Дон Иньяцио извлек откуда-то засаленную карточную колоду, и прямо на камне они начали играть в ландскнехта. Это очень популярная у нас азартная игра, не обремененная излишними формальностями, и потому она никогда особенно не затягивалась; к моменту, когда стало смеркаться, она успела лишить дона Иньяцио последних его сокровищ. Выигравший, которого распирали самые честолюбивые планы, удалился, оставив дону Иньяцио деревянную миску, со дна которой подмигивали ему, как сотни желтых глаз, жареные семечки. Некоторое время дон Иньяцио увлажнял их солью своих слез, потом с удовольствием принялся есть и, наконец, растянувшись на полированной базальтовой скамейке, обратился с речью к звездам.
Вполне вероятно, что вплоть до этого момента все свалившиеся на него несчастья дон Иньяцио и заслужил, но проснулся он совсем другим человеком.
Грация, девушка из района Санита, не девушка — сплошные вздохи и веснушки, повисла у него на шее, громко крича: «Я все равно, все равно хочу выйти за тебя замуж».
Дон Иньяцио указал ей на миску с семечками:
— Вот мой дом и все мое достояние, — сказал он и обнял ее.
Однако когда они поженились, навязанную ему торговлю семечками дон Иньяцио заменил взятой напрокат шарманкой. Жена ходила следом за ним с ребенком на руках, жадные губки всасывали материнское молоко вместе со звуками «Фуникули-фуникуля», а дон Иньяцио собирал пожертвования, поставив тарелочку для денег прямо себе на горб. Руки рабочих и портних мешкали, прежде чем бросить монету, и дон Иньяцио подмигивал сам себе, когда чувствовал как суеверные пальцы дотрагиваются до его горба.[7]
Долгие месяцы на площадях и в переулках эхом отдавался его голос, баритональный в низах, контральтовый в верхах, то был как бы дуэт-соло; от этого голоса начинали дребезжать стеклянные колпаки на статуэтках святых во всех домах округи, от него сбивались с нормального хода швейные машинки и рвались резинки в трусах; от него мутнело вино в бочках остерий и на столах лопались бутылки, и все-таки ему нельзя было отказать в какой-то свирепой проникновенности!

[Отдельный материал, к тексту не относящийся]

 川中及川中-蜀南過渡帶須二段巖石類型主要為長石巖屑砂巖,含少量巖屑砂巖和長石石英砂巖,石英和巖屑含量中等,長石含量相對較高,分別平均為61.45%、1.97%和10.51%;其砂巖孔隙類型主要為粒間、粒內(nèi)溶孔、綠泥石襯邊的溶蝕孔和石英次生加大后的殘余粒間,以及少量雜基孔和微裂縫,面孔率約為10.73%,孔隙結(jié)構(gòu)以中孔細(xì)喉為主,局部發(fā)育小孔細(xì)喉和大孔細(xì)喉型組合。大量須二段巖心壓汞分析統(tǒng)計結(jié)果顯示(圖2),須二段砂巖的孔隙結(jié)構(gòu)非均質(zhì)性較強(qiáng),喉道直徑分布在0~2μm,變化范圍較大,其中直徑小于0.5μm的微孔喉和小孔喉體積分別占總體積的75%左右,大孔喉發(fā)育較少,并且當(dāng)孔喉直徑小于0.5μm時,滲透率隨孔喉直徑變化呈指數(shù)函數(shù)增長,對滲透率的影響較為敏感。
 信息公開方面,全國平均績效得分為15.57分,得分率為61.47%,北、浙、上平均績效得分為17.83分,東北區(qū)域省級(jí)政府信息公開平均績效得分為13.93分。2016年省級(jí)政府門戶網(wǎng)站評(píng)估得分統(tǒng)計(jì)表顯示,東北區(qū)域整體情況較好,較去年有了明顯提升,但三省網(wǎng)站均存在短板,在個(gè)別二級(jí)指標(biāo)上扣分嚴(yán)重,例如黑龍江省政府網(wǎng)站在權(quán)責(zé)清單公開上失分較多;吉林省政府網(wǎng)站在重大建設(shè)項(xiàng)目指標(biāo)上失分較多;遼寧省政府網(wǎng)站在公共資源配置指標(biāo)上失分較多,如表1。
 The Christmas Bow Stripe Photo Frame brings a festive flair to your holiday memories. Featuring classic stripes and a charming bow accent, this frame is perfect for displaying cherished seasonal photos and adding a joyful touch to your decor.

Но как-то раз в ту пору, когда в моде была песенка «Мадонна, за кого ты будешь в споре? Поспорили тут небеса и море: кто дал лазурь глазам прекрасным этим?», наш шарманщик вынырнул из переулка именно в то мгновение, когда с противоположной стороны в него въезжал автомобиль.
Вскрикнули разорванные струны, затрещала юбка синьоры Цивьелло, сидевшей на приступочке инструмента (потом юбку эту нашли лежащей отдельно на тротуаре, всю красную от крови); ребенок же проснулся прямо на небесах.
— А ведь у него даже горба не было! — всхлипывал дон Иньяцио, кладя сына на мраморный стол в морге больницы Пеллегрини. — Вот, профессор, посмотрите, сами убедитесь.
Чтобы успокоить его, врачи сделали вид, что осмотрели крохотное тельце, признав, что ребенок был совершенно нормальным.
В течение последующих дней соседи серьезно беспокоились за дона Иньяцио. Он все бродил и бродил по двум своим комнаткам, держа в одной руке колыбель, а в другой — окровавленную юбку. Он рычал на всякого, кто пытался войти и заставить его поесть и поспать. «Пропуск! — кричал он. — Докажите сначала, что вы так же несчастны, как и я, а не то — вон отсюда!»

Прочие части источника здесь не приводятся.